Антонина Владимировна, убедившись, что они в самом деле заклинили дверь взаимоуступчивостью, тоже рассмеялась громко.

— Т-с-с! — вдруг испуганно приложила палец к губам Серафима Поликарповна. — Сашеньку разбудим.

— А я и не сплю! — раздался за стеной голос Александра Васильевича, и он вошел в кухню во вчерашнем виде, лишь чуть более взлохмаченный. — «Над кем смеетесь, господа присяжные заседатели? Над собой смеетесь?» — процитировал он и, деловито осмотрев стол, сгреб с тарелки горсть гренок и впихнул их в рот, звучно всасывая каждую. При этом Антонина Владимировна успела заметить, что сверху у него двух зубов не хватает, отсутствие их как-то завершало впечатление его неухоженности, именно в этот момент она почувствовала сначала мгновенную, какую-то инстинктивную жалость к нему, а потом уж пригляделась внимательнее:

— Вы не спали?

— Я? А, нет… Да, не спал. Пойдемте-ка! — он взял ее за руку и буквально втащил в свой кабинет.

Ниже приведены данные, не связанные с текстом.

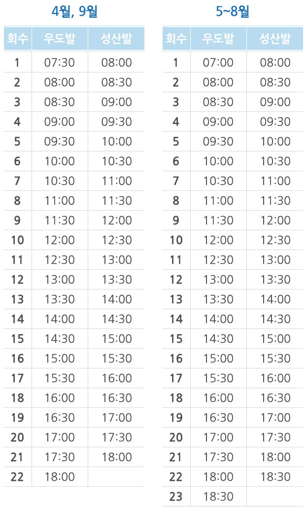 4, 9월, 5~8월 우도 배시간표입니다. 우도발 1회수가 07시 30분, 성산발 8시라고 되어 있는데 우도발이란 우도에서 출발하는 것을 말하하고 성산발은 성산에서 출발하는 것을 말합니다. 그러니 만약에 우도로 가려고 한다면 성산발을 탑승해야하고 8시에 탑승을 해야겠죠.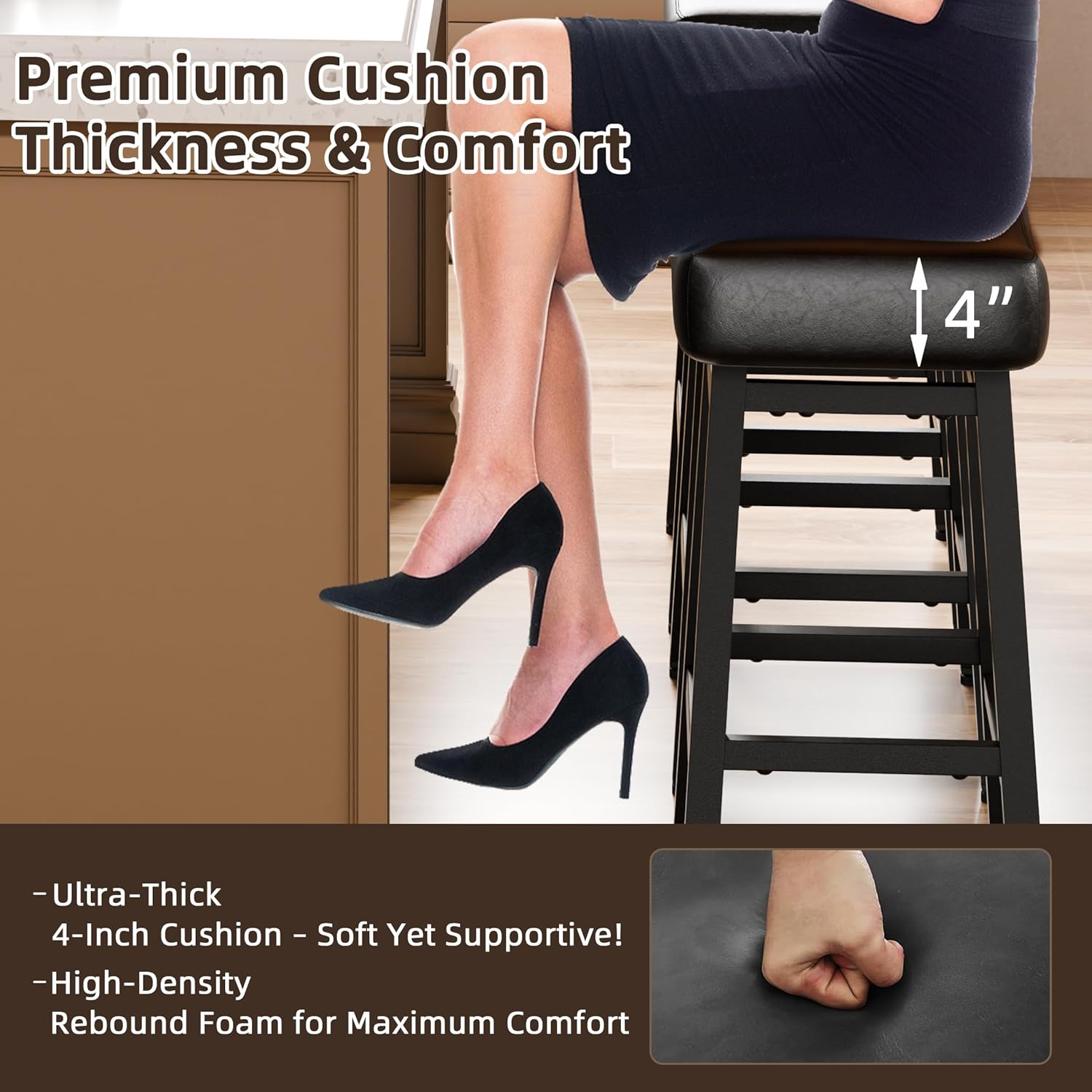 - Engineered for Comfort, Built for Daily Life: 4-inch premium foam cushion molds to your body like a comforting sofa. Ergonomic saddle counter height bar stools seat design reduces pressure points - well-suited for long chats over coffee or family pizza nights. Space-smart silhouette slides completely under counters (fits in 10" clearance). PRO TIP: Practical bar stools for kitchen islands and apartments - a barstool set of 2 takes less floor space than an armchair.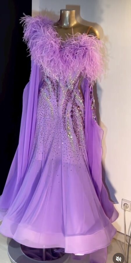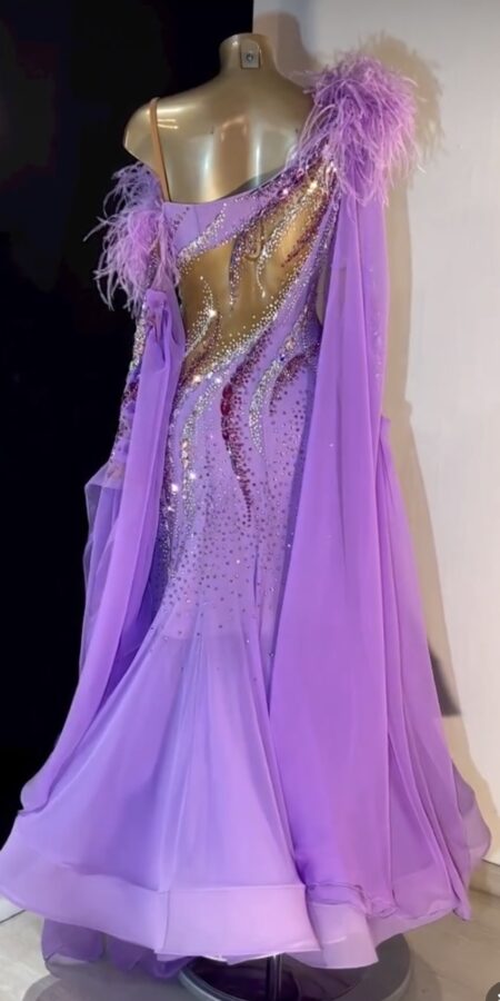Stunning Melnikoff’s Lilac gown with luxury 6 ply ostrich boa. Very comfortable to wear – loads of stretch so can fit size 8-12. Height suitable for 165-175cm. High quality crystals and trim in excellent condition. Comes with Melnikoff’s dress carry bag. Able to post internationally at buyers expense.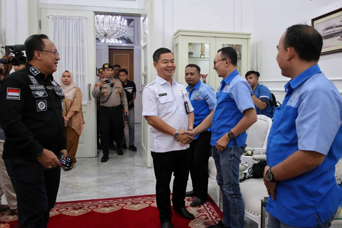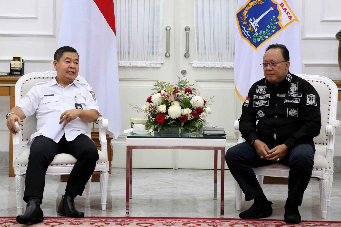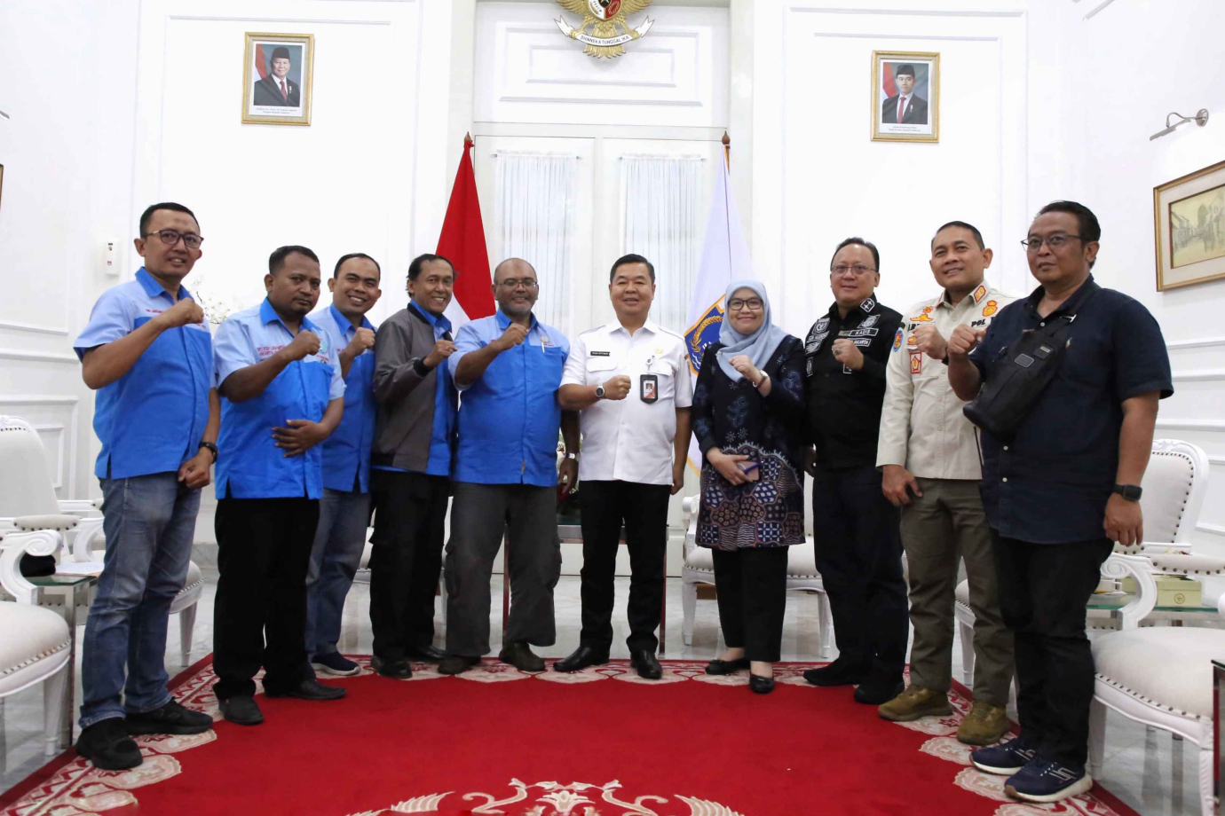 Penjabat (Pj) Gubernur DKI Jakarta, Teguh Setyabudi bersama Kepala Dinas Tenaga Kerja, Transmigrasi dan Energi (Disnakertransgi) Hari Nugroho, Asisten Perekonomian dan Keuangan (Asperkeu) Sri Haryati dan Kepala Satuan Polisi Pamong Praja (Pol PP) Arifin, menerima perwakilan buruh dari Serikat Pekerja Seluruh Indonesia (SPSI) diruang tamu Gubernur, Balai Kota DKI Jakarta, Rabu (6/11). Pertemuan ini mendiskusikan usulan perwakilan buruh menjelang penetapan Upah Minimum Provinsi (UMP) untuk DKI Jakarta.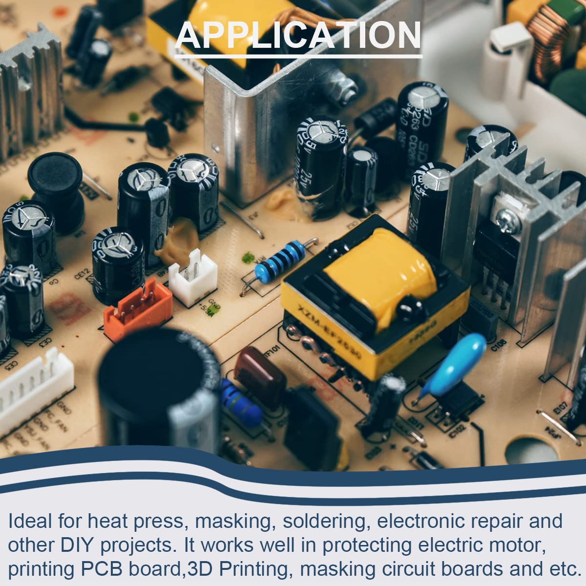 - Application: ideal for heat press, masking, soldering, electronic repair and other DIY projects. It works well in protecting electronic products, electric motor, painting, printing PCB board,3D Printing, masking circuit boards and etc.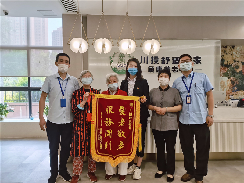 2022年5月20日,川投舒適之家?頤康養(yǎng)老中心四位長者代表給川投佳友物業(yè)頤康養(yǎng)老物業(yè)服務中心送來了寫有“愛老敬老,服務周到”的錦旗。一面錦旗,一句感謝是對物業(yè)人的鼓舞,是養(yǎng)老院長者對物業(yè)工作的肯定,更是與業(yè)主深厚情誼的見證。

В кабинете синими слоями, напоминающими перистые облака, плавал табачный дым, при этом настолько густой, что Антонина Владимировна не сразу даже припомнила эту комнату и растерянно остановилась, но Александр Васильевич решительно взял ее за руку и властно потянул к большому столу. Усадив на стул, почему-то сердито сказал:

— Читайте! — Опять сунул руки в карманы, прошелся по кабинету и, нависнув над Антониной Владимировной, повторил:

— Читайте! — Ткнув в лежащий перед ней лист исписанной бисерным почерком бумаги с исправлениями и жирными вымарками, он выскочил за дверь.

Антонина Владимировна, проводив его изумленным взглядом, стала читать, с трудом отделяя вычеркнутое от невычеркнутого, и не сразу поняла, что это стихи. А это были стихи:

Когда мы пешком возвращались с Плющихи (Ты так захотела, пожалуй, сама), Померкли в снегу все фонарные блики: На город неслышно спускалась Зима. Она одевала гирляндами кружев Трамваи, карнизы домов, провода… А я в этой сказке был вовсе не нужен, И буду ли нужен когда?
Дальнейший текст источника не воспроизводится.